The mortar matrix dominated the precracking behavior of coupons. The cracking stress was usually around 1.9 MPa for all fibers and temperatures. At the same time, the values of the calculated mean tensile strength were nearly twice as high as those observed, showing that at this point the grids were not affecting the response. However, by going through the results obtained from the basalt and the carbon fibers, it was obvious that the values of the former were consistently higher than those of the latter up to 200 °C. That performance agreed with the results provided by D’Antino [59] regarding the relevant behavior of stitch-bonded yarns. At 300 °C, the deterioration of the stitches reversed that behavior. The improvement of mortar’s performance brought on by better curing conditions was connected with an increase in the first cracking stress up to 100 °C. At 200 °C, the carbon and basalt specimens exhibited an increase of σ 1 (or σ 1 , m ).
In contrast, the glass counterparts showed a substantial decrease (Figure 18a). Interestingly, although the decline of σ 1 (or σ 1 , m ) was prominent for carbon and basalt fiber coupons exposed to 300 °C, the glass fiber equivalents increased their strength by 31%. From the deformability point of view, all specimens lost their axial stiffness at 100 °C, whereas at 200 °C, the basalt and the glass fabric coupons became more brittle. On the contrary, the carbon counterparts increased their deformability almost linearly at the expense of their stiffness (Figure 19a,b).

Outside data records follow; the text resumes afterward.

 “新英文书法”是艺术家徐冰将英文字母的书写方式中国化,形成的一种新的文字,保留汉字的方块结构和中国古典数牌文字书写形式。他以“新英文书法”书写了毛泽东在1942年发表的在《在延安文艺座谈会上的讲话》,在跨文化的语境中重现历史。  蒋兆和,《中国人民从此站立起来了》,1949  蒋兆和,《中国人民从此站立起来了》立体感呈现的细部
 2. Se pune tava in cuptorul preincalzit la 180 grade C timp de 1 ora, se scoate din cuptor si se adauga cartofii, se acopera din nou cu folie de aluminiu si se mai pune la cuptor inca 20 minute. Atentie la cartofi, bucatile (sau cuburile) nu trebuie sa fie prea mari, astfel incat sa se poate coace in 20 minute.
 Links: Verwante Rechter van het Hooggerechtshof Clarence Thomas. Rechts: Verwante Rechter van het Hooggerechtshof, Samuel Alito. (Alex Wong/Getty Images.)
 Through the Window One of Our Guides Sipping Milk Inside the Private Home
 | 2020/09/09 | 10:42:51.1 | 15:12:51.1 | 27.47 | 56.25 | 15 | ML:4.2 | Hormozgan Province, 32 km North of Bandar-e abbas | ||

The improved cracking behavior of carbon and basalt coupons up to 200 °C was ascribed to initial stresses developed during the heating–cooling procedure, owing to the changes in the coating agent [23]; both share the same coating material. However, since the results from the literature are contradictory, e.g., in Colombo et al. [13], the first cracking stress increased at 200 °C, whereas in Rambo et al. [14], it decreased. Further research is needed using different types of mortar combined with different grids and fibers. The improved behavior of the glass coupons at 300 °C was attributed to the prestress effect due to fiber contraction (similar evolution in the cracking stress reported by Bernat-Maso et al. [60]).

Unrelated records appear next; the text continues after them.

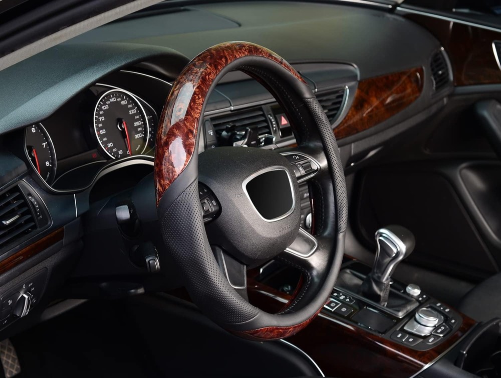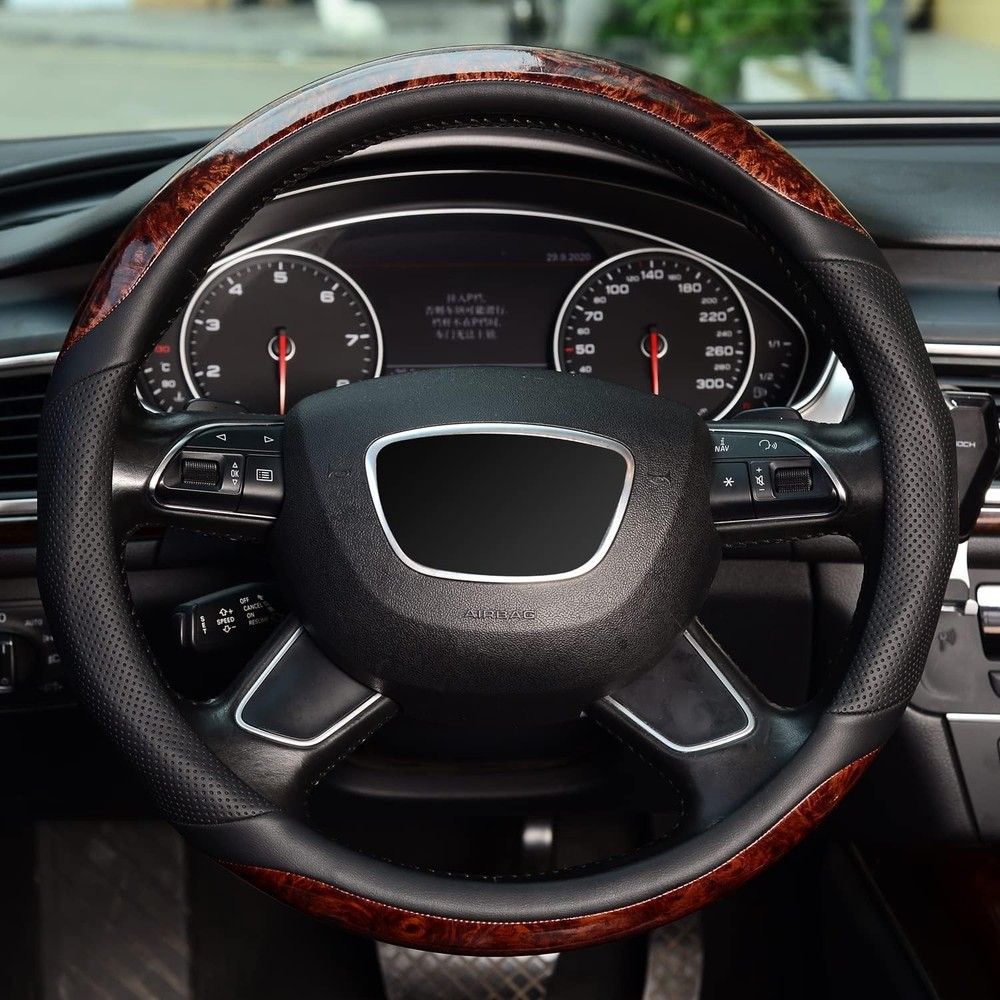 About this item Steering wheel cover made of high-quality durable microfiber leather and wood grain, breathable, comfortable, non-slip, providing a great touch and feel. Healthy and eco-friendly. Improves the life of the steering wheel and offers protection in hot and cold weather. Suitable for medium-Package Dimensionsd steering wheels with a diameter of 11.06 x 3.7 x 3.35 inches. Please carefully measure the Package Dimensions of your steering wheel before purchasing. This wood grain steering wheel cover not only delivers excellent tactile and visual effects but also increases friction to prevent slipping. Suitable for all four seasons. This car steering wheel cover can beautifully decorate your car while massaging your palm. It also protects your steering wheel from sunburn, scratches, fading, and dirt, keeping it in like-new condition. Easy to install; thanks to the malleable material, any adult can easily install this steering wheel cover without tools. Package Dimensions: 11.06 x 3.7 x 3.35 inches.
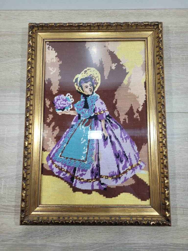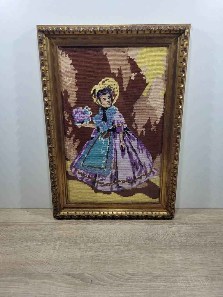 Cuadro de estilo clásico muy bonito y original que ha sido realizado con tela. En el cuadro podemos observar a una niña vestida de época con un traje y en su mano derecha porta un ramo de flores. Está enmarcado con un marco muy elegante con múltiples formas que lo hacen resaltar. Es ideal para colocar en un recibidor o salón comedor. Como podemos observar en las fotografías se encuentra en buenas condiciones.
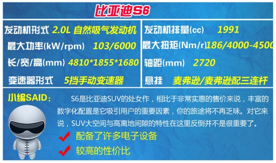 比亞迪S6做為旗下首款SUV車型,難免走借鑒之路,但比亞迪在S6身上可謂下足了功夫,除了寬大的車身,豐富的配置,S6更是采用了承載式車身,力求在競爭相對不是那么激烈的自主城市SUV市場中尋找到一席之地。
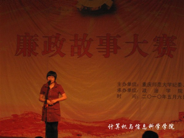 5月6日下午,哔咔漫画 计算机科学与技术专业08级王露同学代表学院参加校“廉政故事”大赛,参赛作品《神秘的保姆》讲述了一个关于官员家里老保姆的廉政故事,深得评委的一致好评,最终在18个参赛队当中脱颖而出获得了第六名(三等奖)的好成绩,展现了哔咔漫画 的风采。
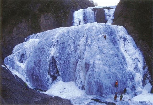 冬になると凍結することもあり、完全凍結した際には雄大な滝が静けさに包まれ神秘的な美しさを見せてくれます。
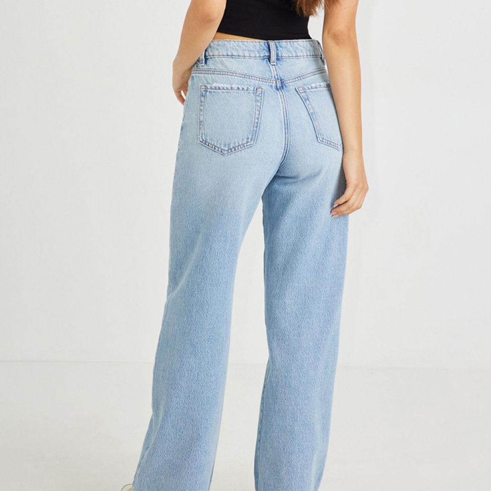 กางเกงยีนส์เดนิมทรงตรงเอวต่ำสำหรับผู้หญิง เนื้อผ้ายืดใส่สบาย มีตัวเลือกป้ายยี่ห้อแบบกำหนดเอง กางเกงผู้หญิงหลากสี
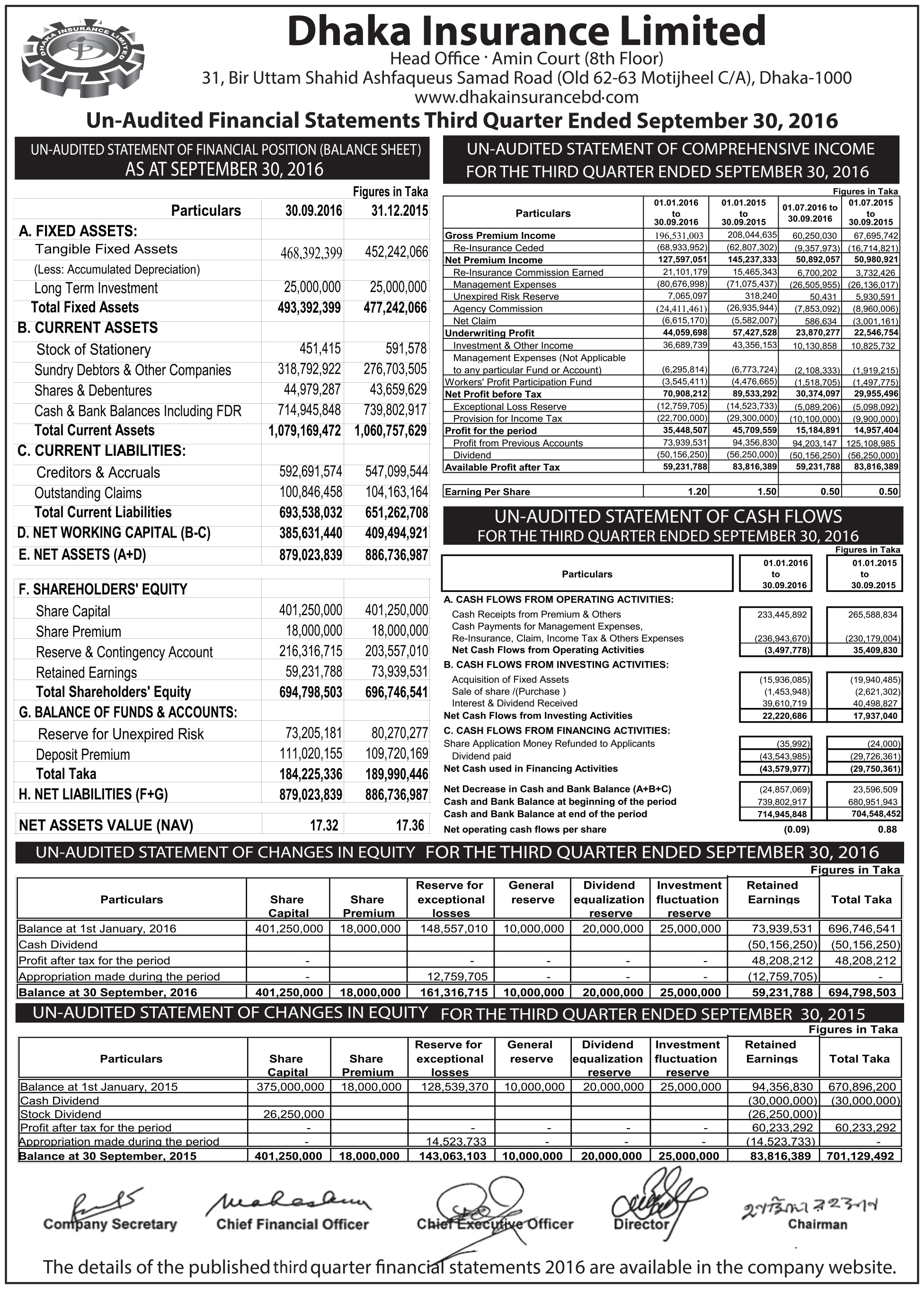 Q3 Financial Statements (Un-audited) of Dhaka Insurance Limited
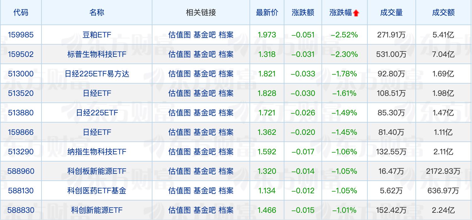 下跌方面,豆粕ETF领跌2.52%,日经225相关ETF悉数回调。

In the postcracking stage, the tensile behavior was dominated by the interfacial properties between textiles and the matrix and the tensile properties of textiles. Figure 18b and Figure 19c,d present the development of the ultimate stress σ u and the normalized parameters ε u and E 2 , respectively. The ultimate stress σ u , increased for all specimens up to 100 °C. The coupons reinforced with basalt fibers lost a significant amount of their initial strength above that temperature, 10% and 34% at 200 °C and 300 °C, respectively. The strength of the carbon and glass coupons increased at 200 °C by 20.4% and 4.6%, respectively, but they had already begun to deteriorate (the strength was lower at 200 °C than at 100 °C by 13.9% and 14.5%, respectively). The carbon coupons and the basalt lost about half their initial strength at 300 °C. At the same temperature, the glass coupons gained 13.5% more strength.
Overall, there was a correlation between the ultimate stress, the kind of fiber, and the heating intensity. Moreover, in cases where there was a change in the failure mode from rupture of the fiber tensile to slippage within the matrix, the results show considerable difference, hence the increased variation. The increase in strength up to 100 °C was caused by an interlocking mechanism between the coating agent and the surrounding mortar; symptoms included a change in failure modes and increased number and pace of cracks. The increase in yarn strength and the better bonding conditions were responsible for the improved behavior of the carbon and glass specimens at 200 °C; strains imposed by the mortar’s shrinkage were another potential contributor to further investigation. The low fiber percentage, the deterioration of the coating agent (which was evident in the change in color of the fibers), and the deterioration of the stitches in the nodes of the grid have all been responsible for the different behavior the basalt fibers displayed, which resulted in the coupons losing 10% of their original strength. Contrary to carbon grids, the stitching region was weaker because the warp and weft directions were made of two smaller separated yarns. The increase that the glass fiber coupons demonstrated at 300 °C was consistent with the results obtained from the bare yarns at the same temperature. Combined with the different behavior of the SBR, it explained that difference in performance. However, additional investigation is needed for the overall behavior of the glass fabric grids.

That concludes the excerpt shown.